If you’re running short on time and really need to post something that day, a quick way to write a post is to re-purpose content, such as by doing a roundup of all of those posts you’ve written about the same topic. For example, I’ve done a few posts about color coding so eventually when I’ve written about 5 to 7 posts about color coding, I’ll do a roundup post. In that post I’ll write a little bit about each of the ways to color code, then add a link to the full post so they can find out more detail if they’re interested.
These types of posts are great for increasing pageviews as instead of looking at 1 or 2 posts and then leaving your blog, they’re clicking on all of those links to the other posts so they’re staying on your site longer.

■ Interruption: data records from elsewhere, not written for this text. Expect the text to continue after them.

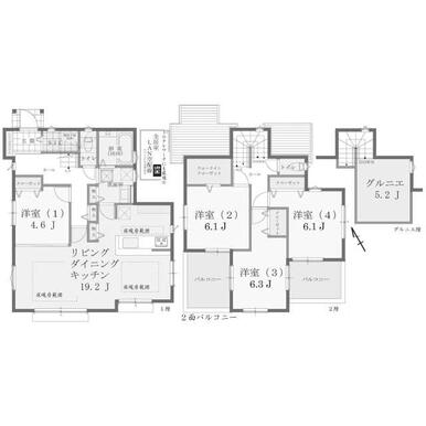 | 間取り(内訳) | 4LDK(洋6.3/6.1/6.1/4.6LDK19.2) | 建物面積 | 105.47㎡ |
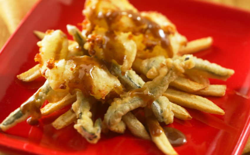 Poutine with Tempura Peppers & Harissa Sauce
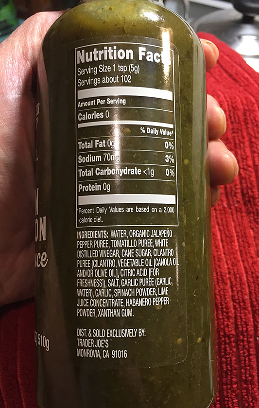 Trader Joe’s as you know carries a whole bunch of condiments and sauces, many being outstanding. It has quite a few hot sauces, most of which are VERY good. TJ’s Green Dragon Hot Sauce is one of my favorite Trader Joe’s items, along with Bomba and Peri-Peri and of course ZHOUG).
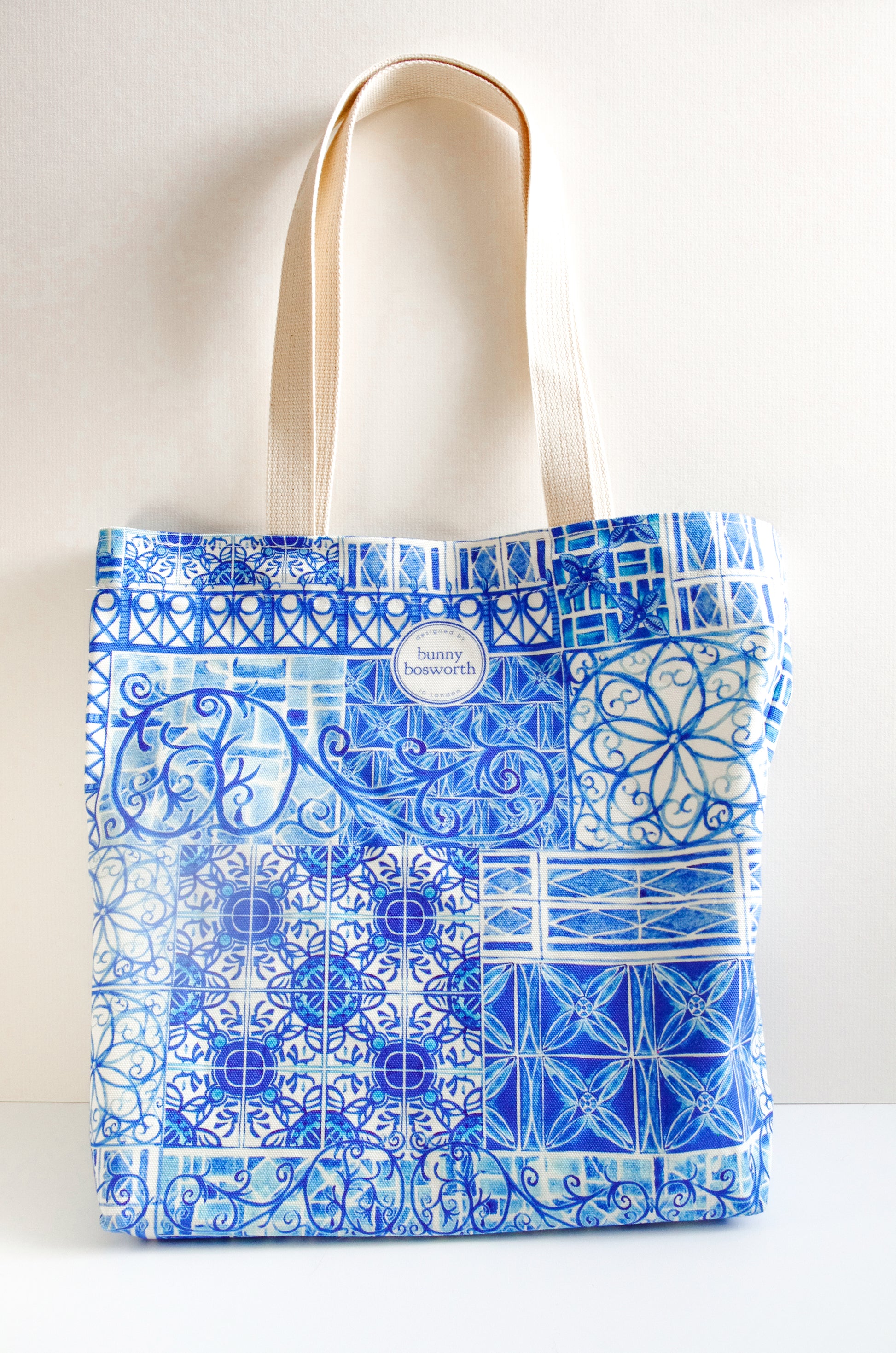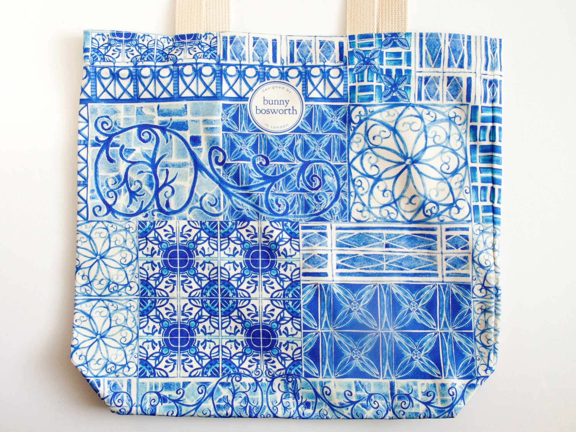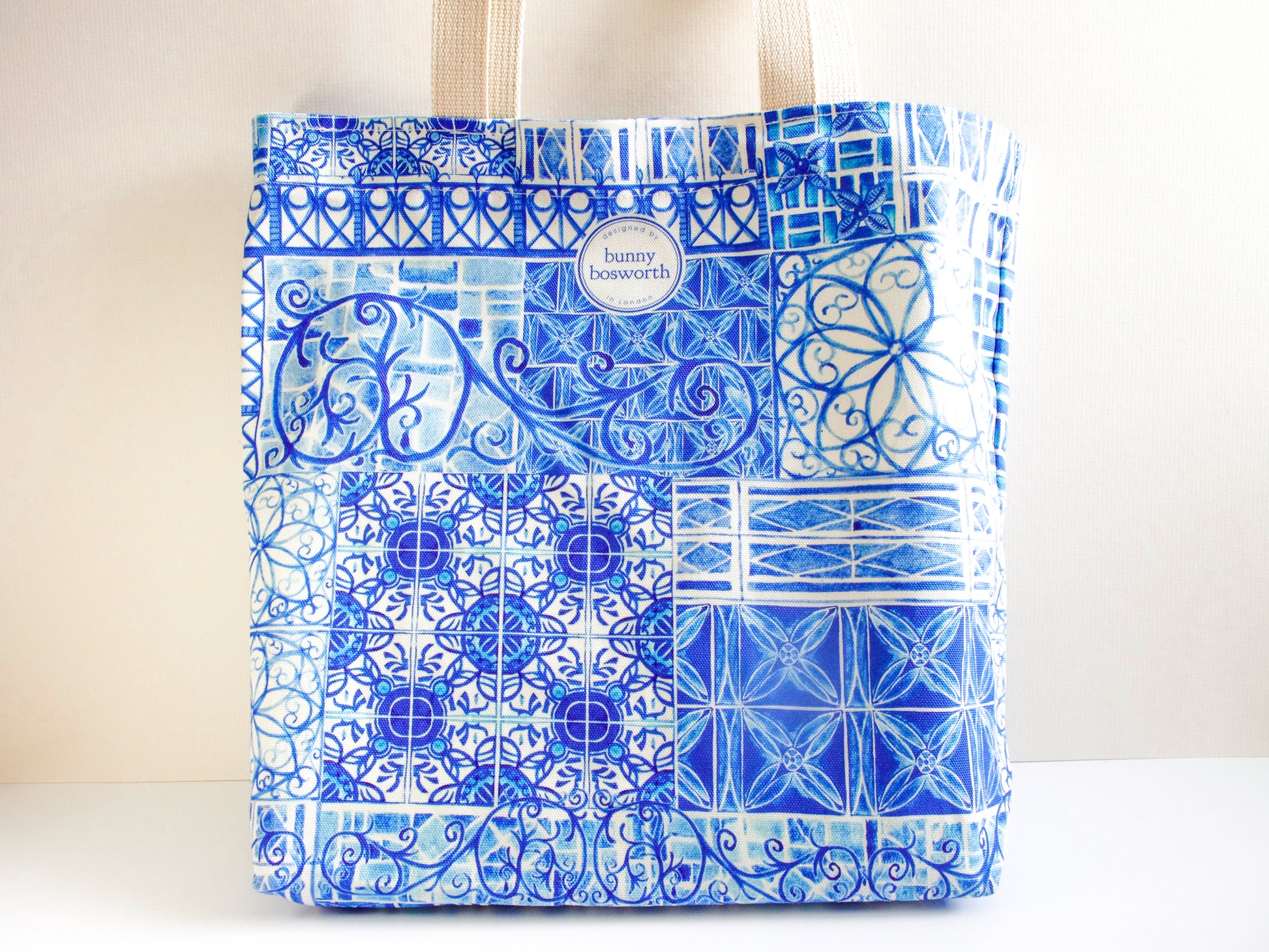 A brand new addition to the Bunny Bosworth range; a heavyweight all-over print half-panama cotton tote bag, sustainably printed with a vibrant blue and white patchwork design, and cut and sewn here in the U.K. Designed to show off the new brilliant blue Brazil inspired prints in a large scale, they are both functional and beautiful.

Within every post I also add links to 2 or 3 related posts which also helps increase pageviews. The more posts people read on your blog, the more likely they are to subscribe and become a long-term reader.
Don’t be worried that readers will be bored by roundup posts, if it includes posts you published 3 + months ago (or less if you post a couple of times a week), then they probably won’t even notice. If you’re worried you could always add 1 or 2 new ideas to the roundup post to keep it fresh.
When I blog or design anything for my shop, I’m in a ‘bubble’ I close Facebook, Instagram and other social media tabs, turn my phone face down and put it on silent so I don’t get distracted. Then I open up Word and type, and keep typing until I run out of ideas or run out of time and have to go do something else. Another tool you could use is something like write or die and rescue time.
Make use of Pinterest
Pinterest is a wealth of ideas for blogging. If you need an idea for a topic a quick Pinterest search will bring up plenty. If you see a topic you want to write a post about, don’t click on that image and read the other bloggers’ post, instead take that idea and use it to come up with something new, or put your own spin on it. For example, no 2 bloggers’ or online business owners’ favorite resources page is likely to have the exact same list of tools & resources.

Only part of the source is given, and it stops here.